(Beginning of Available data)

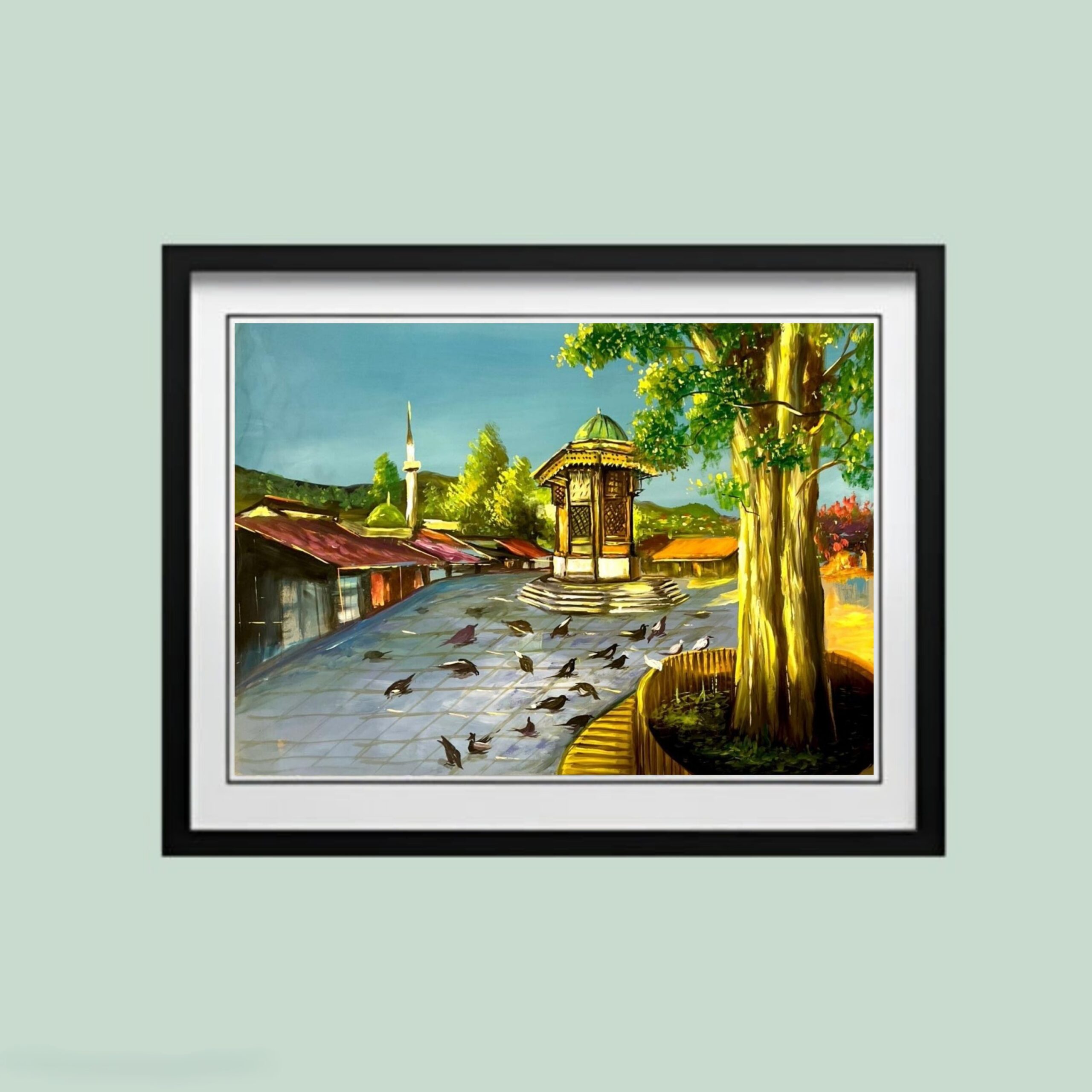 “Discover the charm of Sebilj through our exquisite paintings at Calla Art. Each piece captures the iconic beauty of Sarajevo’s famous fountain, blending vibrant colors and intricate details to bring a piece of Bosnian heritage into your home. Perfect for art lovers and cultural enthusiasts alike.
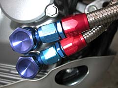写真は、取り付けが完了したところです。ブレーキホースと違って、そんなに高圧がかかるわけではないので、バンジョーなどの締め付けもあんまり神経質にならなくても良さそうです。短いほうのホースが長さぴったりなのに、長いほうのホースが少したるんでいるのは、もしかしたらホースの取り付けが逆のようなきがしませんか?でも、取扱説明書の指定はこうなんですよ。とりあえずこれで不具合はないので、このままでいきたいと思います。
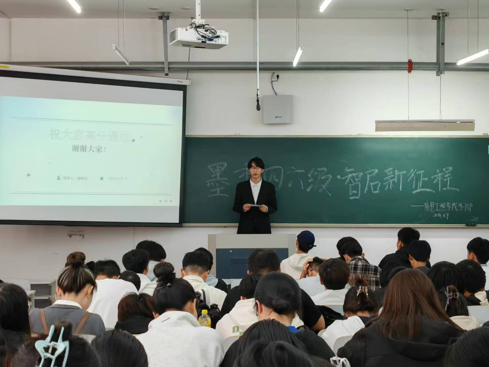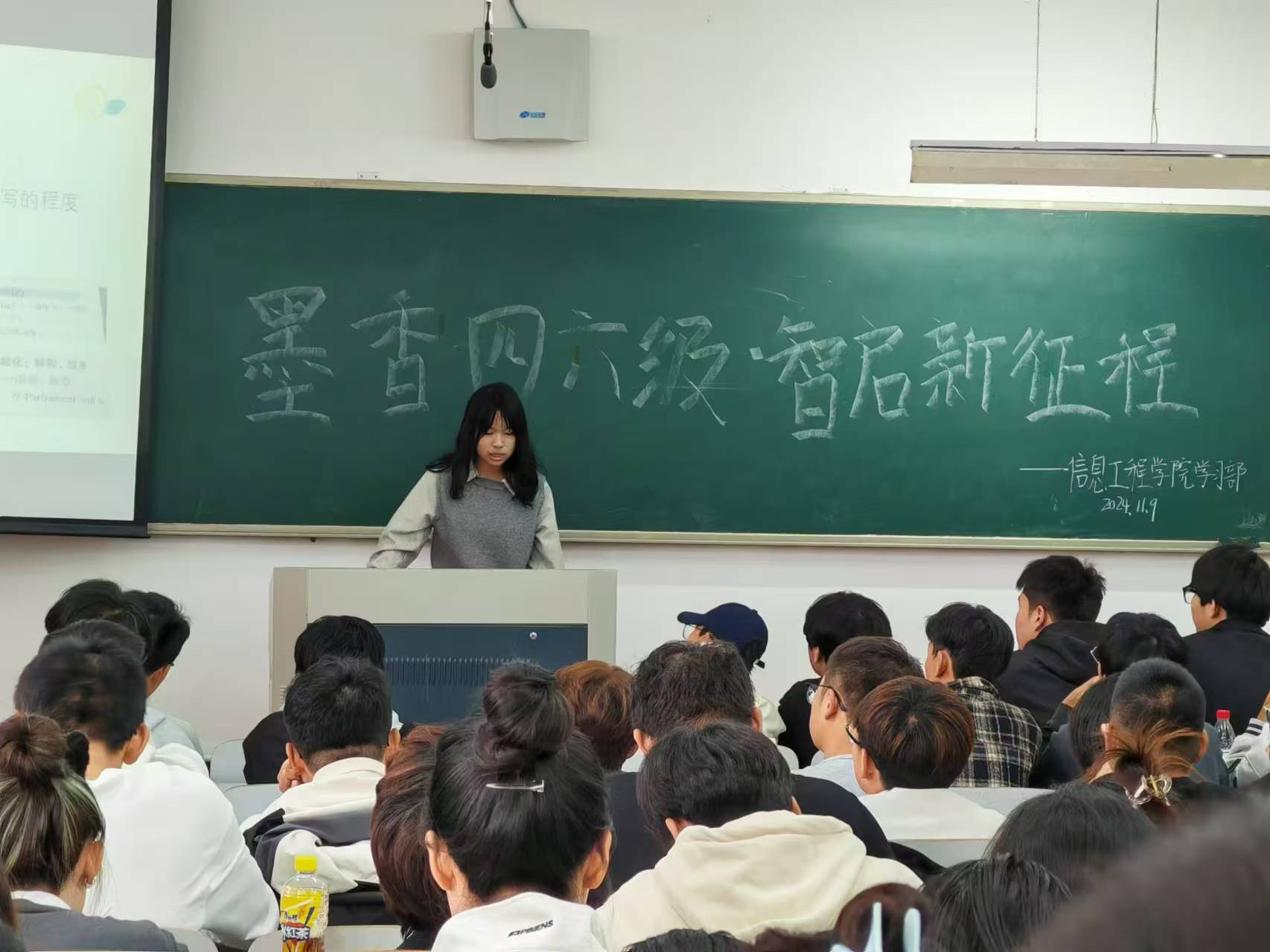 为激发公司学子对英语学习的热情,有效推进英语四六级备考进程,解答备考过程中的种种疑惑,太阳成集团tyc122ccvip于2024年11月9日在獐子岛教学楼125教室举办了“墨香四六级,智启新征程”——四六级经验交流会。会议由王文琪主持。

(End of Available data)

The entire listing above is to be copied exactly, with all pictures omitted.

 “Discover the charm of Sebilj through our exquisite paintings at Calla Art. Each piece captures the iconic beauty of Sarajevo’s famous fountain, blending vibrant colors and intricate details to bring a piece of Bosnian heritage into your home. Perfect for art lovers and cultural enthusiasts alike.
写真は、取り付けが完了したところです。ブレーキホースと違って、そんなに高圧がかかるわけではないので、バンジョーなどの締め付けもあんまり神経質にならなくても良さそうです。短いほうのホースが長さぴったりなのに、長いほうのホースが少したるんでいるのは、もしかしたらホースの取り付けが逆のようなきがしませんか?でも、取扱説明書の指定はこうなんですよ。とりあえずこれで不具合はないので、このままでいきたいと思います。
 为激发公司学子对英语学习的热情,有效推进英语四六级备考进程,解答备考过程中的种种疑惑,太阳成集团tyc122ccvip于2024年11月9日在獐子岛教学楼125教室举办了“墨香四六级,智启新征程”——四六级经验交流会。会议由王文琪主持。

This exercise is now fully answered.